I vote against John McCain because he is a risk to people with melanoma, not because of his risk of melanoma.
Before I go any farther, let me just say that this post is the one time I'll say anything sympathetic about John McCain who I desperately hope loses this election and loses big. But this isn't about him, really.
It seems like during most election seasons, the New York Times' Lawrence Altman MD seems to get worked up about whether he has had enough access to political candidates' health records. Altman was a medical resident about 40 years ago and has never been much of a clinician as far as I can tell besides that--he did preventive health, public health work, and journalism. But, he seems to feel that reporters--and especially, he, being a doctor/reporter--have a right to go over presidential candidates' health records.
This is an appalling idea if we take away John McCain and our hope to see him lose, and think about this in the abstract. And I'm frustrated that a bunch of doctors who support Obama have apparently signed some kind of letter asking that McCain release all his medical records, and that some of them are saying a bunch of stuff in public about his melanoma risk. First of all, I don't know anything more about John McCain's melanoma risk than Bill Frist knew about Terri Schiavo's neurological function, which is to say, I know better than to pronounce my opinion about it.
Second of all, if I was able to look at all of John McCain's medical records, do a physical exam and history, and then quickly become a melanoma expert, does risk for a serious health condition mean that you're supposed to bow out of public life? If you think so, how far down does this argument apply? Governor? Mayor? City Council? Why would it stop at any particular level of office?
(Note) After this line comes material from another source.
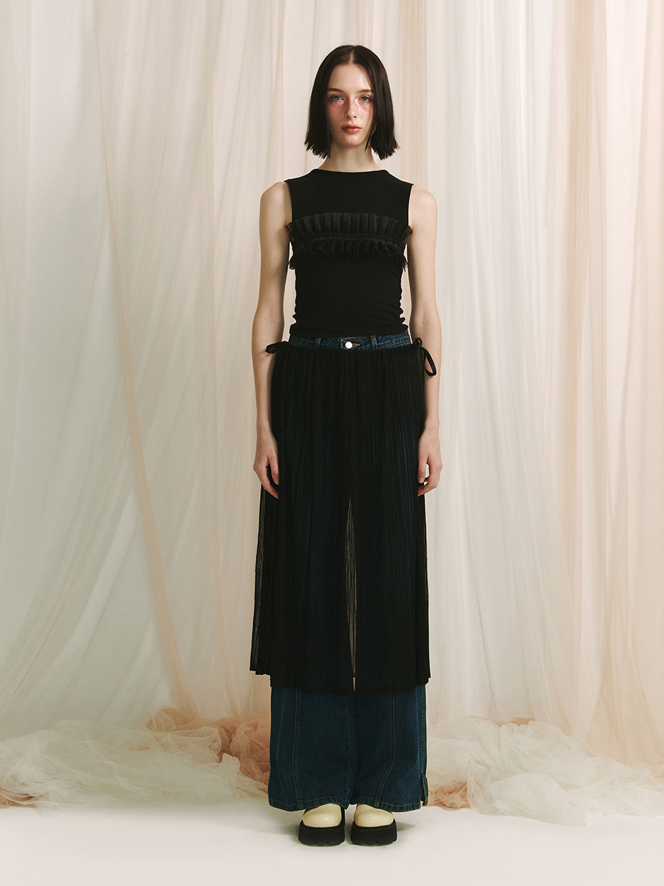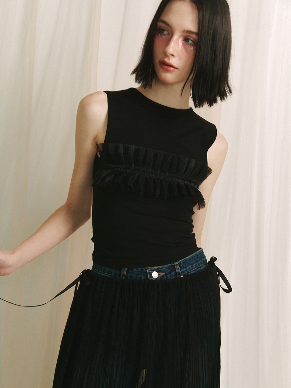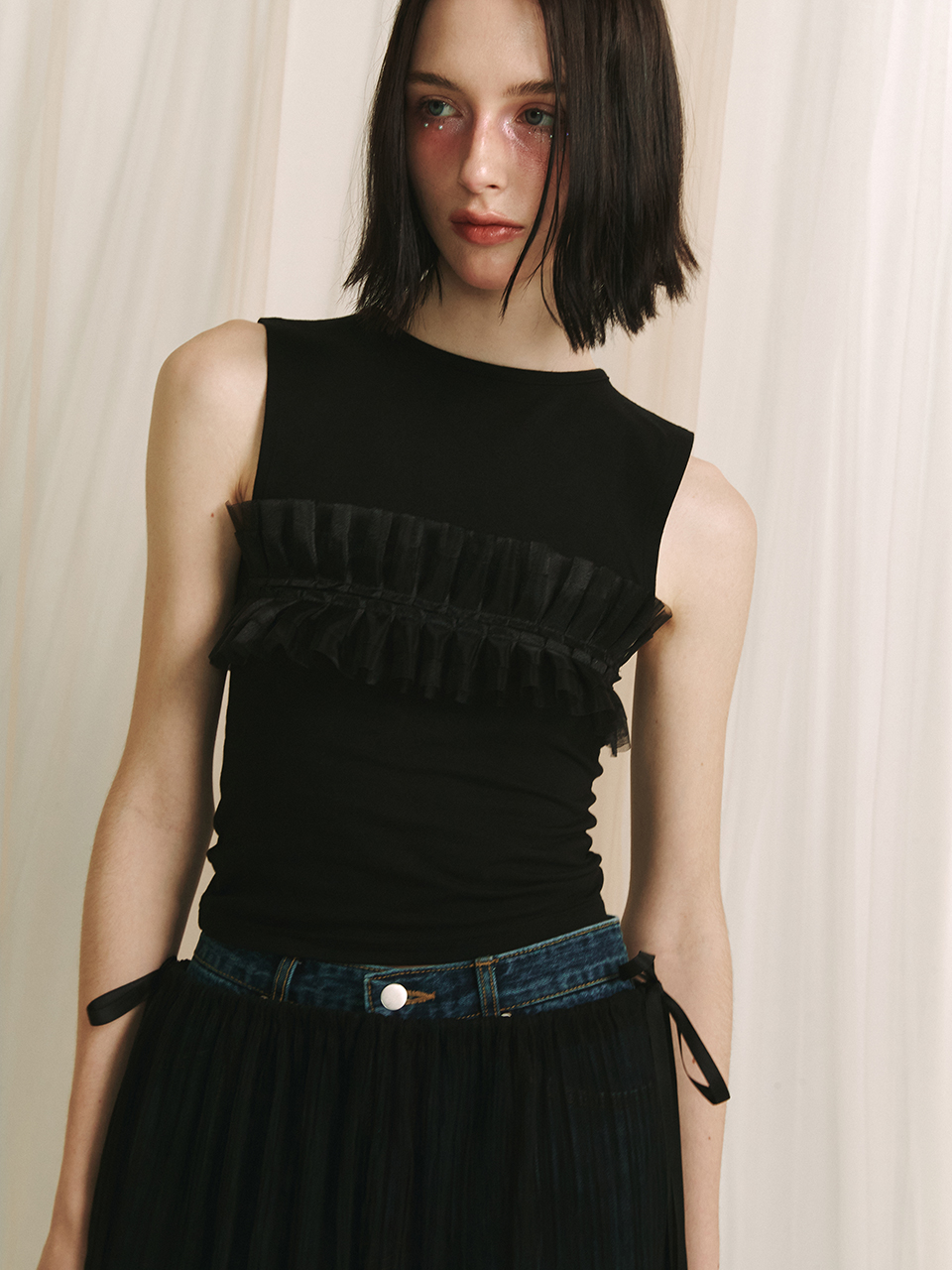 RUFFLE LACE SLEEVELESS TOP - BLACK
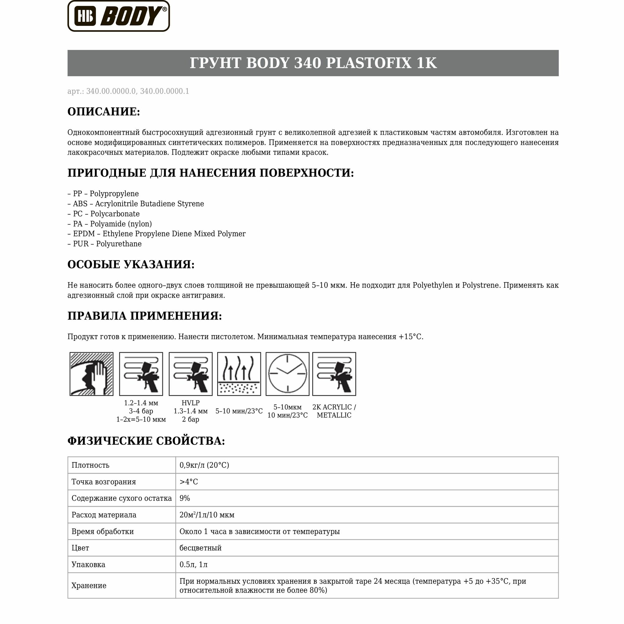 Грунт Body 340 Plastofix 1К по пластику прозрачный аэрозоль 400мл интересное:

If the argument is reasonable at the top, why shouldn't the voters of any given town know whether their mayor had guaiac-positive stool? Is it relevant to know whether your congressional candidate might have a brain aneurysm? Is it your right--no, your duty as a citizen--to demand full body CT scans and head MRIs for every person entering any political race at all? As a doctor, shouldn't I reserve my vote only for the candidate who puts his colonoscopy report up on the web so I can look inside his ass and judge for myself whether his polyps are sufficiently presidential?
John McCain's health plans mean his risk to people with melanoma is much more significant than his own risk of melanoma.
Finally, epidemiologically, the melanoma argument opens the door to a truly terrible line of logic, because underneath the medical argument must always be an epidemiological argument. By far the most common cause of death among US presidents in office is assassination. And deaths from cholera or bacterial pneumonia are unlikely for current US presidents. For all of Lawrence Altman's piety about presidents concealing their medical conditions, JFK hiding his Addison's disease was obviously irrelevant in the larger scheme of things. If we're so concerned about a president's chances of death, should we ask Lawrence Altman to be joined by security experts who can analyze the candidates' risk for being assassinated before we vote, which in presidential epidemiology is more likely than death from cancer? Does the public have a right to read all the death threats sent to presidential candidates so we can judge for ourselves whether they are serious? Shouldn't the Secret Service be granting the public complete access to suspected or potential assassins-in-the-making to assess whether they are serious threats or just rifle-toting equivalents of negative lymph nodes? In this election, I don't even want to think about such a thing.
So presidential epidemiology be damned; I am casting my vote for a black man with a significant smoking history and a bunch of racists who want him dead. I'm voting for him because of who he is while he is alive, not because of my morbid guesses about when he might die.